Questo aspetto – ovvero quello delle modalità attraverso le quali l’abbonato potrà provare di aver richiesto la propria iscrizione nel registro – è l’altro profilo assai poco convincente dell’attuale schema di regolamento. Perplessità al riguardo sono state, peraltro, sollevate in modo in equivoco nel Parere dell’Autorità per le Garanzie nelle comunicazioni. È indispensabile che il gestore del registro rilasci all’abbonato che chiede l’inserimento del proprio numero nel registro medesimo una dichiarazione utilizzabile dall’abbonato per provare – al di là di ogni ragionevole dubbio – di aver effettivamente manifestato in una certa data la propria volontà di non essere disturbato. Si tratta di una dichiarazione che andrà rilasciata in forma scritta e sottoscritta da parte del gestore del registro o, ove possibile – ove cioè si disponga di un indirizzo di posta dell’abbonato – attraverso un documento informatico “firmato” digitalmente dal gestore del registro.

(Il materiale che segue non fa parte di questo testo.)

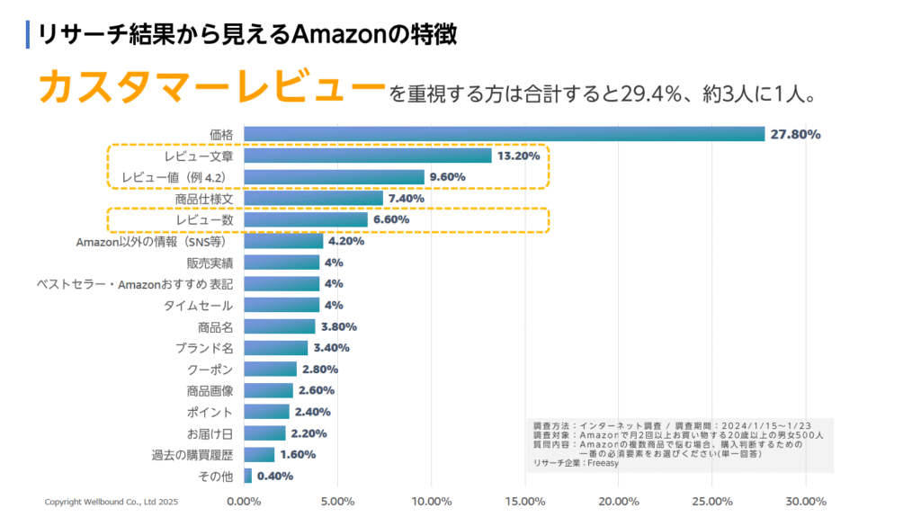 実際の調査結果によると、Amazonで商品を選ぶ際に「レビューを最も重視する」と回答した購入者は24.1%にも上ります。これは商品名や配送日、Amazonおすすめ表示よりも高い数値であり、レビュー対策の重要性を物語っています。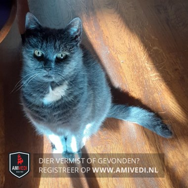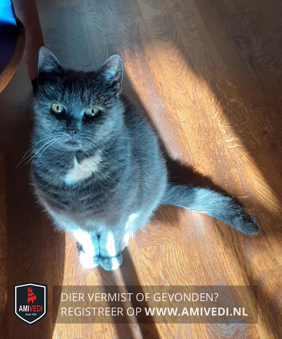 Signalement | Grijs wit - Kat op leeftijd is doof en blind, en verward Heeft een witte borstvlek en witte voetjes achter. Voor het laatst gezien op een veldje aan Ln. van Zevenhuizen/Agricolstraat |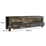 Features: Material: MDF, acacia wood, metal Metal wire brushed finish Metal tenon joint detail Full extension metal glides Solid wood construction: panels may feature joined wooden pieces, following industry standards Note: The images are taken in a studio environment, please allow for colour variations depending on your monitor settings & the lighting environment in your home WARNING Children have died from furniture toppling over Always secure your television with an anchor deviceNever allow children to stand, climb or hang on drawers, doors, or shelves
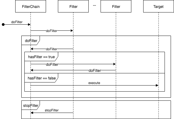 시퀀스는 간단하다. Client는 FilterChain에 target과 filter들을 추가하고 FilterChain.doFilter()를 호출한다. FilterChain은 첫 번째 Filter를 호출하고 호출된 해당 Filter는 주어진 조건을 확인하고 판단하고 다시 FilterChain..doFilter를 호출하면 다음 Filter를 호출하게 되고 FilterChain.stopFilter를 호출하면 중단되며 target은 실행되지 않는다. 모든 filter들이 실행되어 통과되면 target은 그 때 실행될 수 있다. 각 요구사항에 따라 디테일한 동작은 변형하여 디자인 하면 된다. 수도코드를 보면 아래와 같다.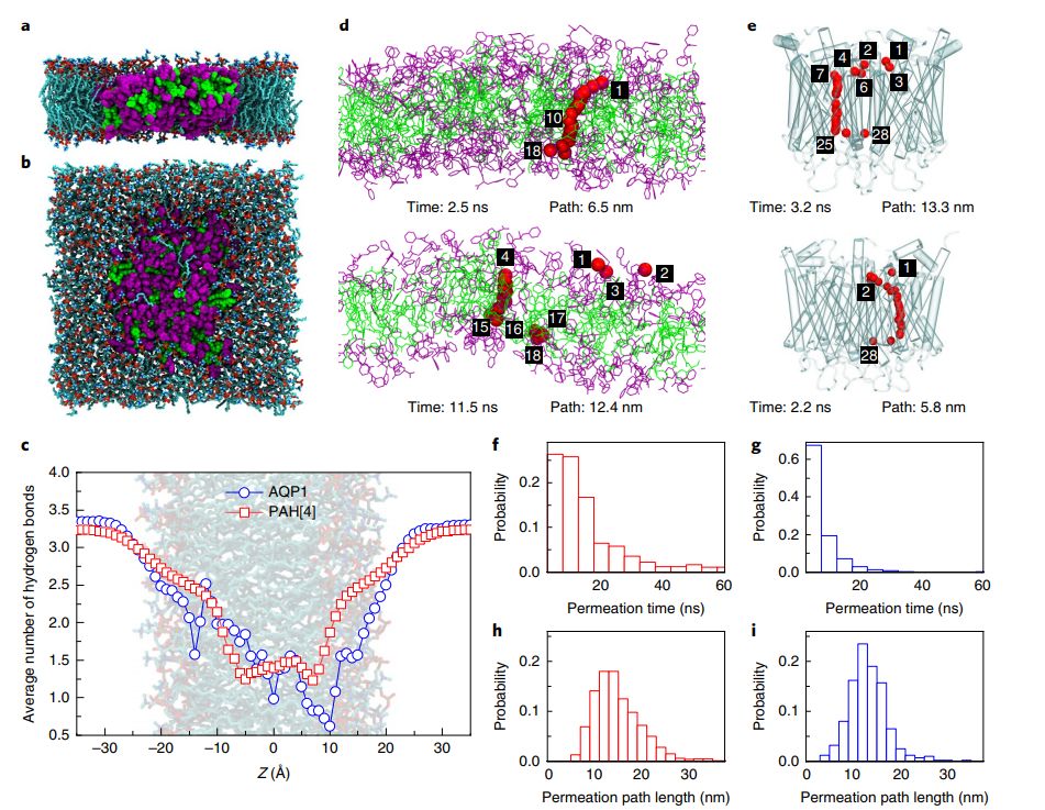 要点1. 荧光实验和模拟表明,PAH [4]可以通过横向扩散在脂质膜中形成簇,从而提供协同跨膜路径,以通过水线网络快速选择性地渗透水。定量运输研究表明,PAH[4]s每秒每分子可运输>10E9个水分子,这与水通道蛋白水通道相当。这些通道的性能超出了当前脱盐膜的上限约4个数量级。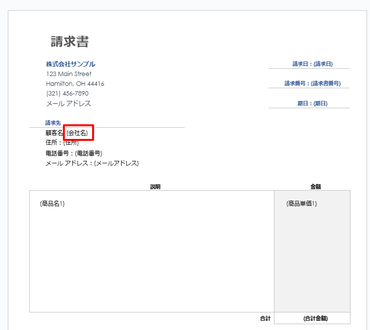 次に、取得した情報を元にひな形を作成して書類を発行しましょう。(ひな形の作成はこちらを参考にしてください。)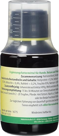 Cdvet Naturprodukte Calma 100 Ml Hund Katze Pferd Erganzungsfuttermittel Nervositat Stress Anspannung Emotionale Korperliche Belastbarkeit Unterstutzung Gemutsregulierend Amazon De Haustier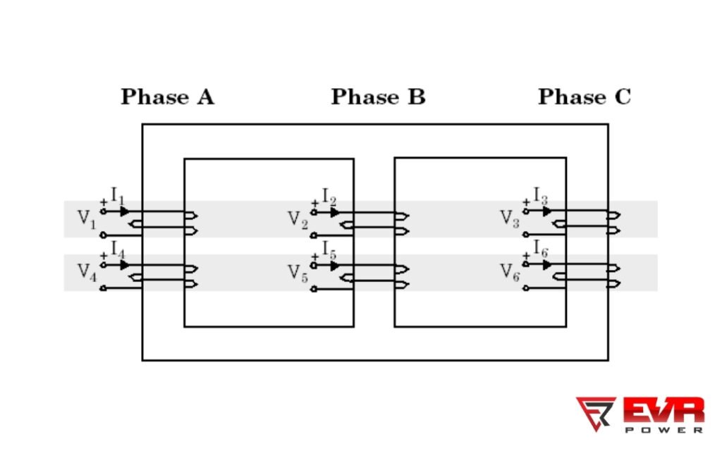 As the windings rotate through the magnetic field, the output current and voltage are generated. This is distributed through three separate lines (secondary) and hence called three-phase power transformers. It is represented by 3-phase or 3ɸ.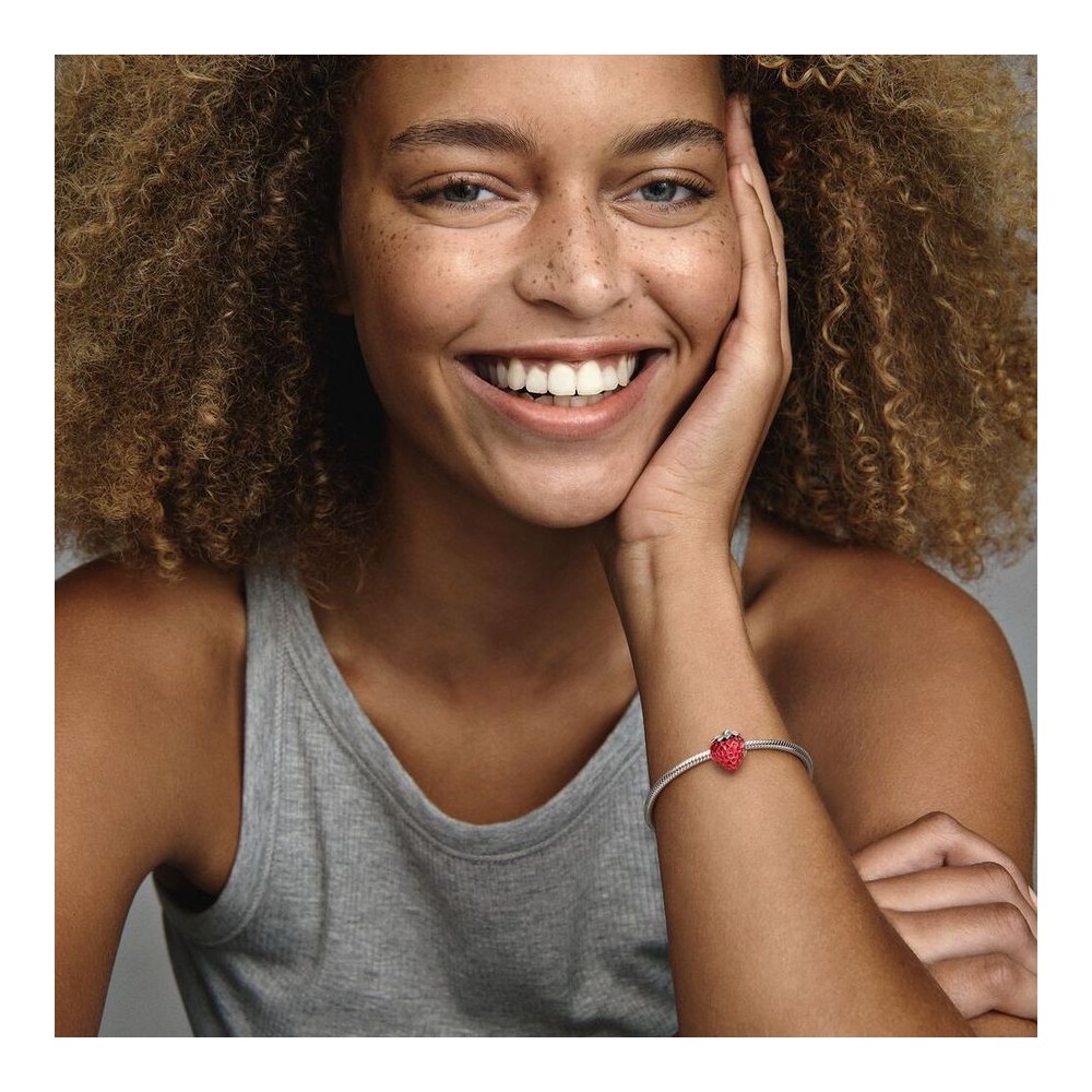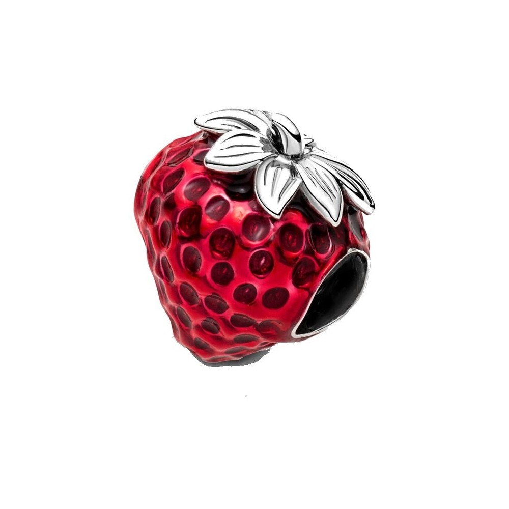 Ciondolo Pandora a fragola in argento sterling, rifinito a mano con smalto rosso trasparente e dettagli di semi realistici creati da rientranze scanalate sotto lo smalto.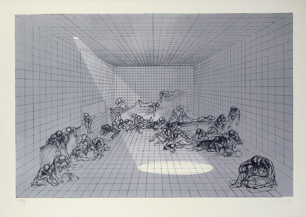Fabrizio Clerici (Milano, 1913 - Roma, 1993) Interno con figure Litografia,...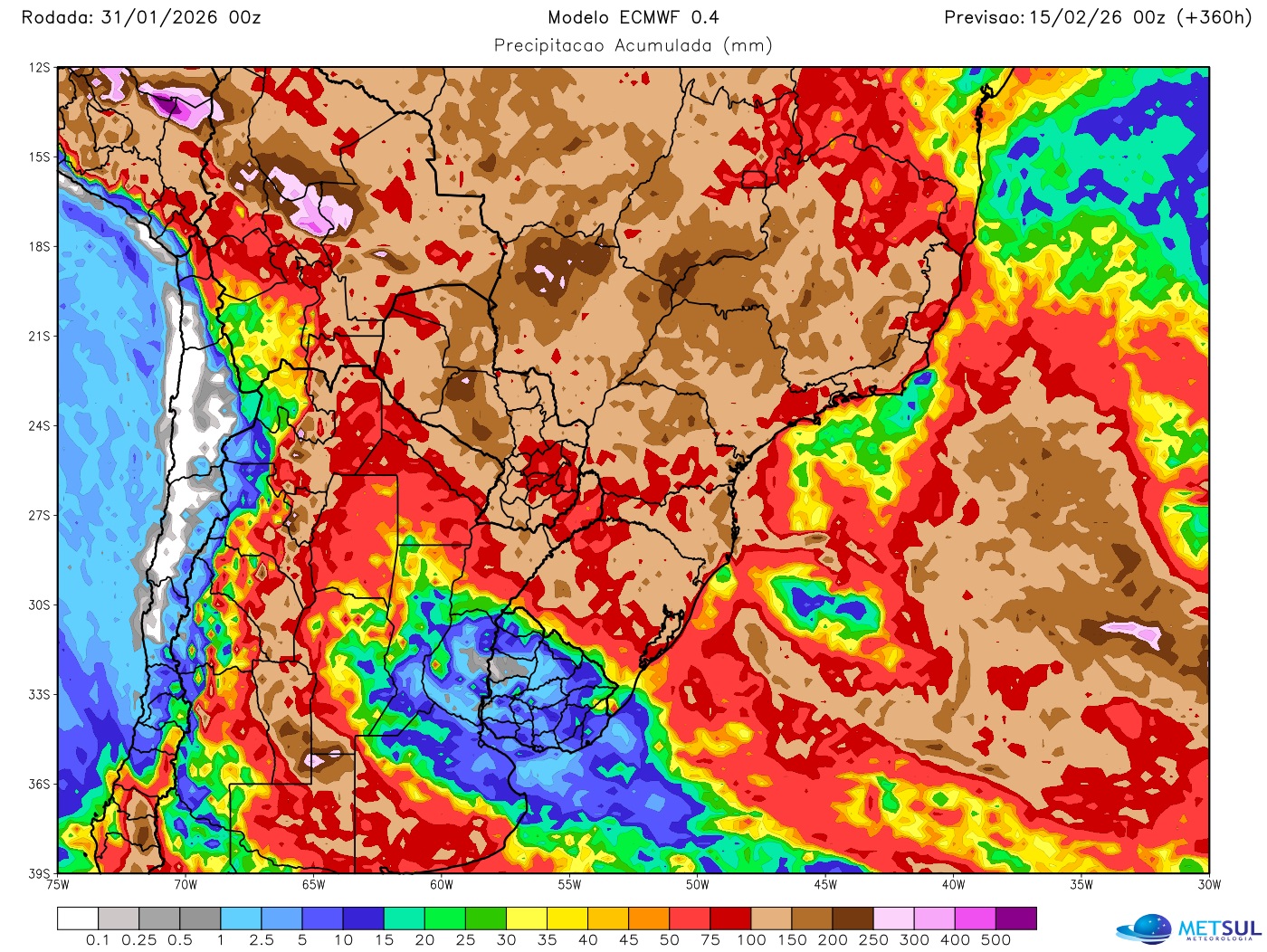 Projeção de chuva acumulada do modelo europeu até 15 de fevereiro | METSUL

Se non si forniscono all’abbonato tali strumenti probatori, l’intero impianto del registro negativo rischia di risultare del tutto inutile, specie nella malaugurata ipotesi nella quale il gestore dovesse essere un soggetto che assume tale responsabilità nell’interesse – in senso più o meno lato – degli operatori.
Non resta dunque che goderci le ultime “silenziose” vacanze e vigilare perché al Ministero seguano le preziose indicazioni contenute nei pareri e, soprattutto, rifuggano dalla facile tentazione di porre il gestore del registro in una condizione di sospetto costante – almeno presunto – di conflitto di interessi.